It was time to find out for sure.
Louise took out her phone and sent a text and a few moments later she got a response. ‘He says to come to the antenatal clinic and he’ll see you. I’ll take you over there now.’
‘People will wonder what I’m doing in the antenatal clinic.’
‘People will think we’re just two friends catching up for lunch,’ Louise said. ‘Don’t be so paranoid.’
As they arrived at the clinic Candy felt a moment’s reprieve as she looked around at the pregnant women all sitting waiting for their turn to be seen.
She was overreacting, she told herself.
This world didn’t apply to her.
‘You might as well come in,’ Candy said to Louise as they arrived at a door that had a sign with Anton Rossi written on it. ‘He’ll only tell you what’s happening anyway.’
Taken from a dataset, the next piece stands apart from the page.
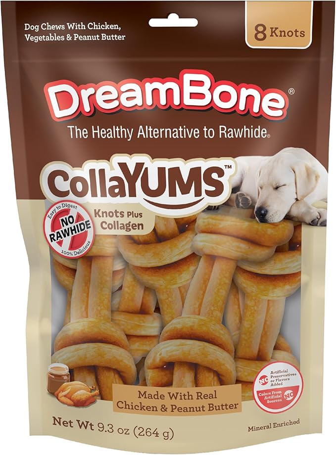 DreamBone CollaYUMS Knots Plus Collagen Chews for Dogs, 8 Count, Treat Your Dog to Rawhide-Free Chews Made with Chicken, Vegetables and Peanut Butter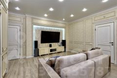- Квартиру дополняют телевизор Samsung с диагональю 75 дюймов и Hi-Fi акустика от Jamo и Yamaha.

‘God, no.’ Louise rolled her eyes. ‘Unfortunately for me Anton’s all ethical like that. If you tell him not to tell me, then wild horses wouldn’t drag it from him! You don’t have to worry about that.’ Louise gave her a lovely smile. ‘But if you do want to tell me then I’m dying to know!’ She gave Candy a cuddle just before she went in. ‘You’ll be fine.’
Candy really hadn’t had anything to do with Anton before this. She just knew him by reputation and had seen him occasionally when he’d come down to Emergency to review a patient there.
‘I’m sorry to interrupt your lunch break,’ she said. ‘Thank you for seeing me so quickly.’
‘Louise said that you were very upset.’
Candy nodded. ‘I know that everything is confidential but the thing is, this is terribly delicate and—’
‘First of all,’ Anton interrupted, ‘you are right—everything you tell me is completely confidential. I never gossip.’
‘Thank you.’
‘I’m not even taking notes. Do you want to tell me what’s happening?’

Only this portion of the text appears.